Now, if we write Ohm’s law for a resistor we have,
\(\displaystyle v=Z_R i= iR\)
as before. On an Argand diagram this would be a phasor point along the x-axis; the voltage and current are in phase. For an inductor we’d write,
\(\displaystyle v= j\;\omega L \;i\).
On an Argand diagram this would be a phasor pointing along the y-axis indicating that the voltage leads the current by 90\(^o\). For a capacitor, we have
\(\displaystyle v=\frac{-j}{\omega\;C}i\).
On an Argand diagram this would be a phasor pointing along the negative direction of the y-axis; the voltage lags the current.
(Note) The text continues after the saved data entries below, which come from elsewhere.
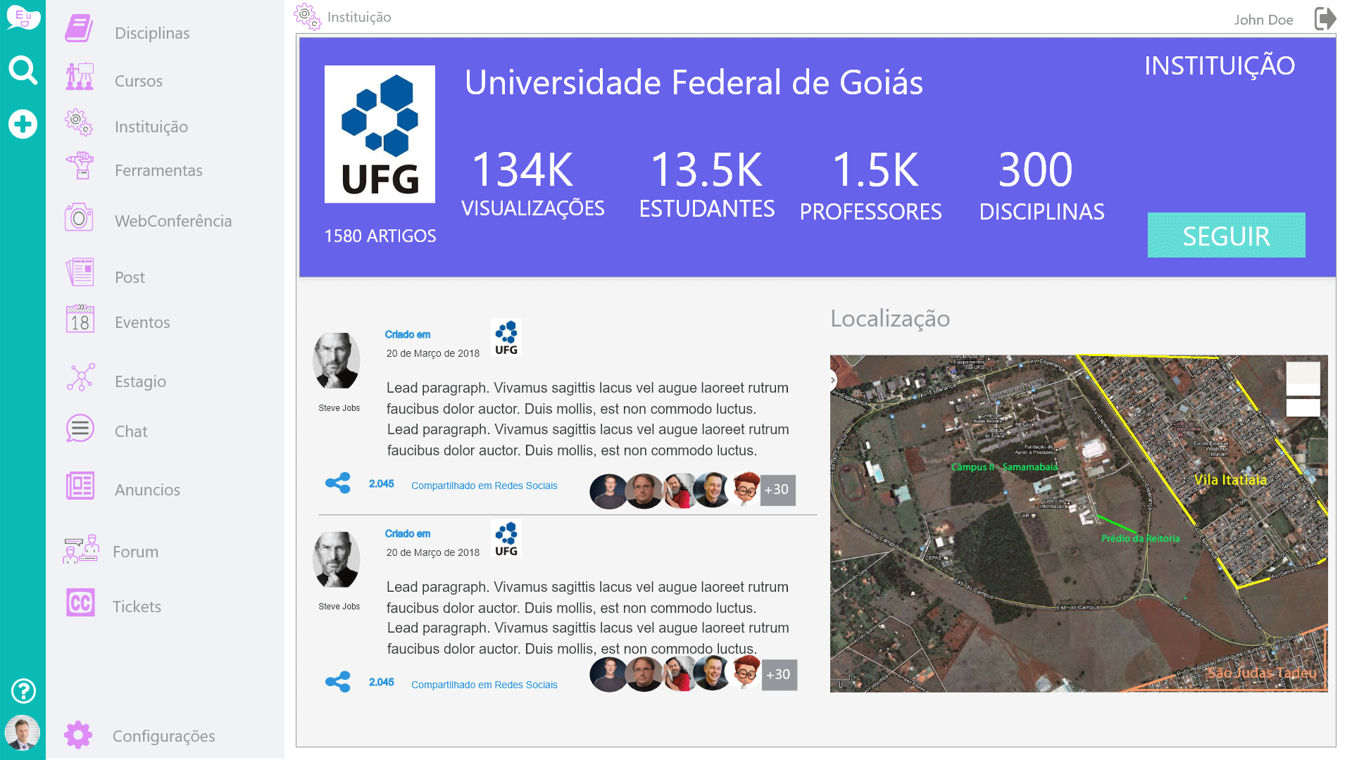 Terão um perfil social e acadêmico com as informações (Imagem da logo; CNPJ; Apresentação; breve história; Razão social; Nome fantasia; E-mail e telefones úteis; Localização da sede; Link de redes sociais: Facebook e Instagram).
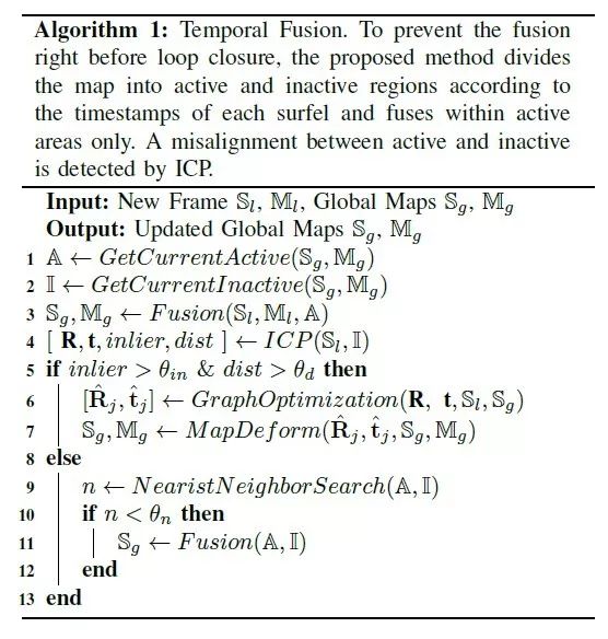 根据timestamp可以选取激活区域和非激活区域,在其中可以利用ICP来检测重叠或误匹配区域。融合算法如下:
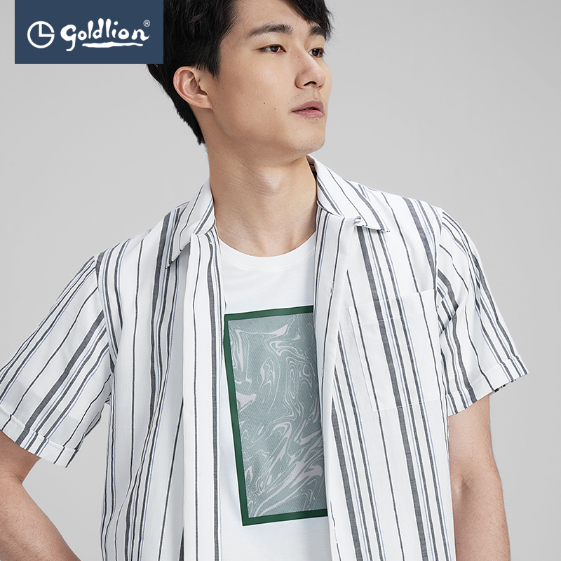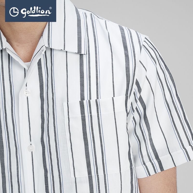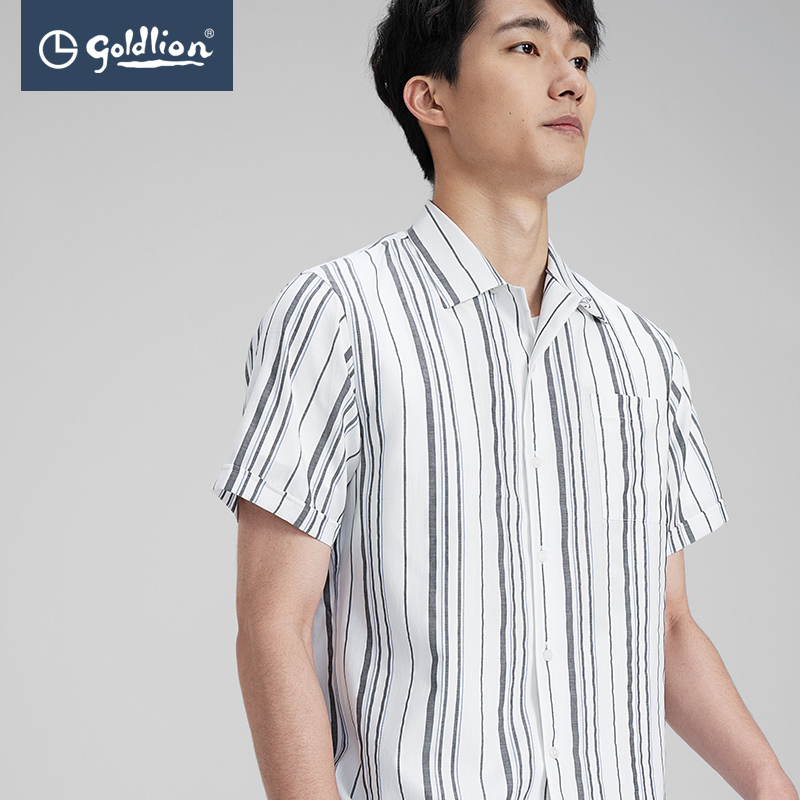 金利来奥特莱斯款男士棉麻透气古巴领条纹口袋休闲短袖衬衫
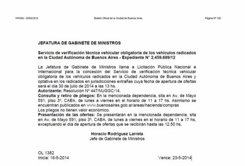 Después de la publicación en el Boletín Oficial de la Ciudad del llamado a licitación para los centros donde se realizará la Verificación Técnica Vehicular (VTV), están dados todos los pasos para aplicar en Capital la ley 4.111 aprobada en 2011.

Applying the same Kirchoff’s rules for alternating voltages and current we can arrive at exactly the same results as we did for pure resistances but substituting \(Z\), a complex number for \(R\). We combine these impedances together using the same rules as we did for pure resistances, but use \(Z\) and do all our calculations with complex numbers. i.e.
\(\displaystyle Z = Z_1+Z_2+Z_3 ...\)
and
\(\displaystyle \frac{1}{Z}=\frac{1}{Z_1}+\frac{1}{Z_2}+\frac{1}{Z_3}+ ...\).
Once we’ve found the total impedance of the circuit (I can break the calculation down into simple steps of calculating series and parallel ‘sub impedances’) we can write
#i.e. writing Ohm’s law but with a complex number rather than \(R\).
we can then work out the magnitude of the voltage as
\(\displaystyle v=i|Z|\)
and the phase between them as
\(\displaystyle \phi = \arctan \left(\frac{Z_{imag}}{Z_{real}}\right)\)
Note. As the reactances depend on \(\omega\) we will find our calculations of \(Z\) should depend on \(\omega\) so it is better remembered as \(Z(\omega)\).
Exercise. A resonant circuit consists of a resistor (R), perfect capacitor (capacitance, C) and perfect inductor (inductance, L) connected in series. They are connected to an a.c. voltage source of frequency \(\omega\). At what frequency does the circuit resonate (i.e. where \(i\) reaches a minimum or maximum value)? Is the current a maximum or minimum at this point?